### What to do
Look below for the line containing "Архитектурният вкус на" and the line containing "クロダイに近縁な種類ですが、", then set down both and every line between them exactly, without pictures.

### The records
== Segment start ==

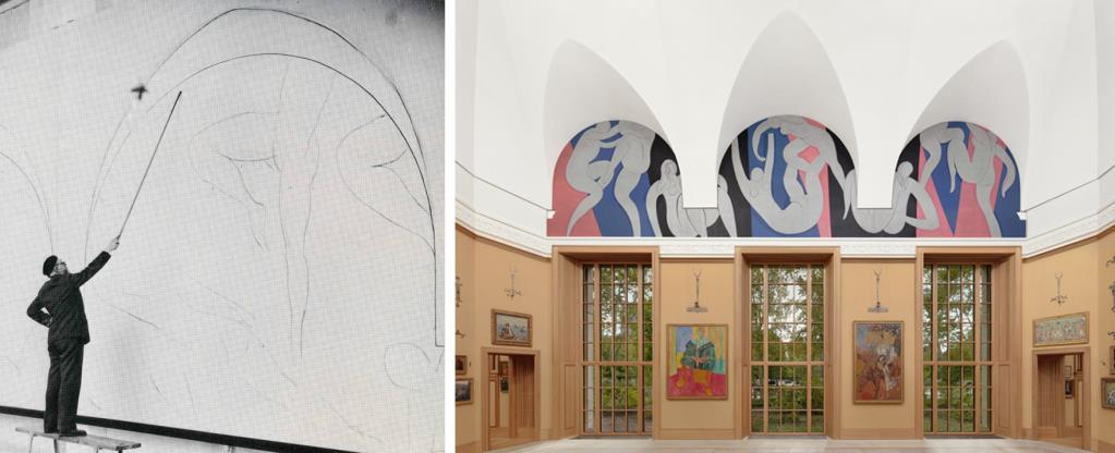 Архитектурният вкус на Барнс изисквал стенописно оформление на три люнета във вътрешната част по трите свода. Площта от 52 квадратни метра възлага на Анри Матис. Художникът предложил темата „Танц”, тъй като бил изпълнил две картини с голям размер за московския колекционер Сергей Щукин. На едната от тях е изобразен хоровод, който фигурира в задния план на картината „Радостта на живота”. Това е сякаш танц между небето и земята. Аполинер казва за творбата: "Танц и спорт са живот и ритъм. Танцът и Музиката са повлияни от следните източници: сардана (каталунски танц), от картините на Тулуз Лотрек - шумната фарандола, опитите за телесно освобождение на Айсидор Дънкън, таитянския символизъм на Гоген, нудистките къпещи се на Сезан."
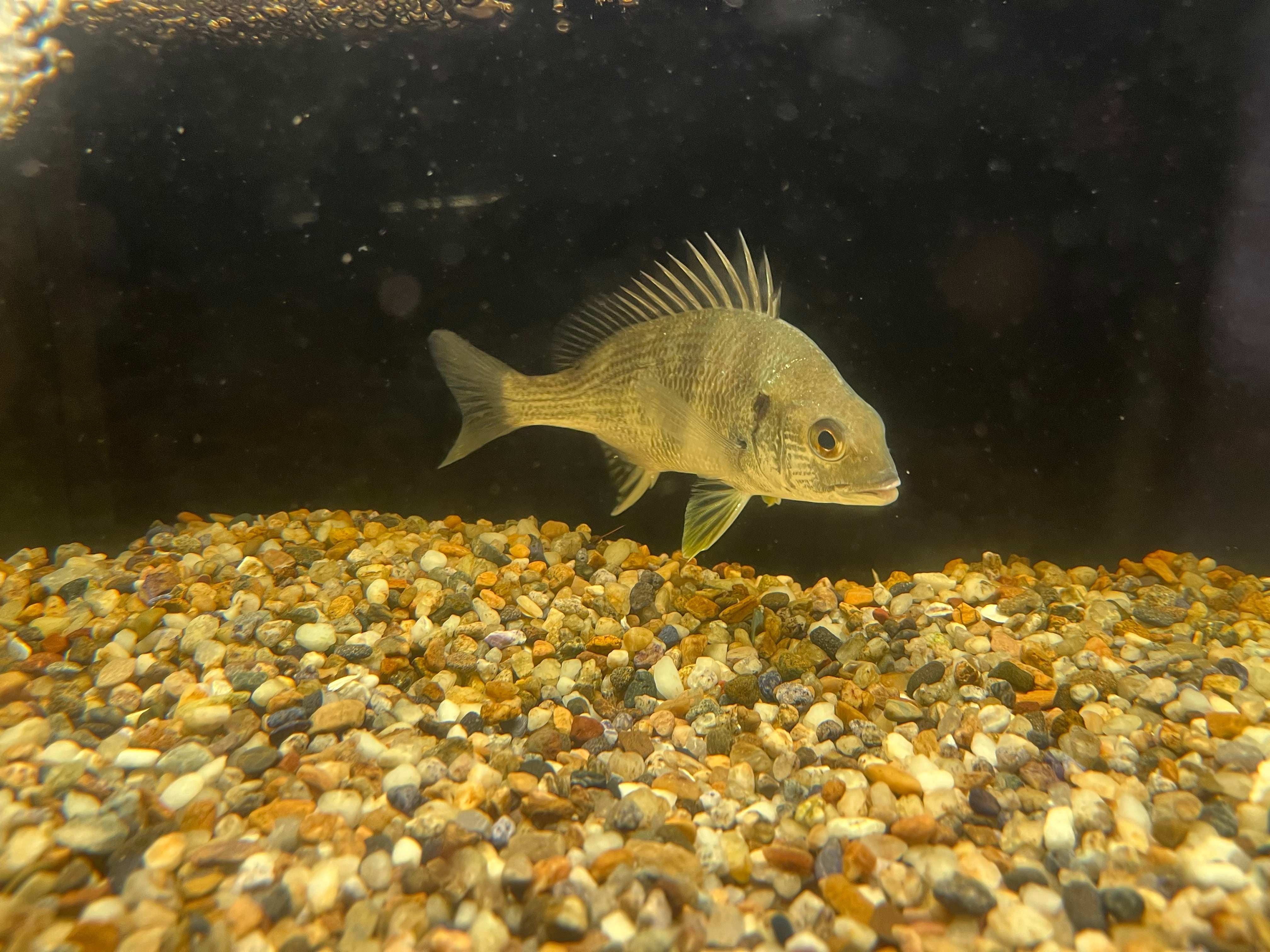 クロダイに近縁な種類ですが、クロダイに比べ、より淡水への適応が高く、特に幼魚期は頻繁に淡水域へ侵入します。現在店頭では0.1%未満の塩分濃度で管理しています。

== Segment end ==
== Segment start ==

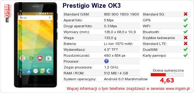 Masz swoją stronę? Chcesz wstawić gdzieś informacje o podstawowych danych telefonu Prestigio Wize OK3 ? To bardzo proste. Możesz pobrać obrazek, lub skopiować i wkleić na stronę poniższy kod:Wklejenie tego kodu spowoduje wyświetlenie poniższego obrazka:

== Segment end ==

### Solution for this exercise
 Архитектурният вкус на Барнс изисквал стенописно оформление на три люнета във вътрешната част по трите свода. Площта от 52 квадратни метра възлага на Анри Матис. Художникът предложил темата „Танц”, тъй като бил изпълнил две картини с голям размер за московския колекционер Сергей Щукин. На едната от тях е изобразен хоровод, който фигурира в задния план на картината „Радостта на живота”. Това е сякаш танц между небето и земята. Аполинер казва за творбата: "Танц и спорт са живот и ритъм. Танцът и Музиката са повлияни от следните източници: сардана (каталунски танц), от картините на Тулуз Лотрек - шумната фарандола, опитите за телесно освобождение на Айсидор Дънкън, таитянския символизъм на Гоген, нудистките къпещи се на Сезан."
 クロダイに近縁な種類ですが、クロダイに比べ、より淡水への適応が高く、特に幼魚期は頻繁に淡水域へ侵入します。現在店頭では0.1%未満の塩分濃度で管理しています。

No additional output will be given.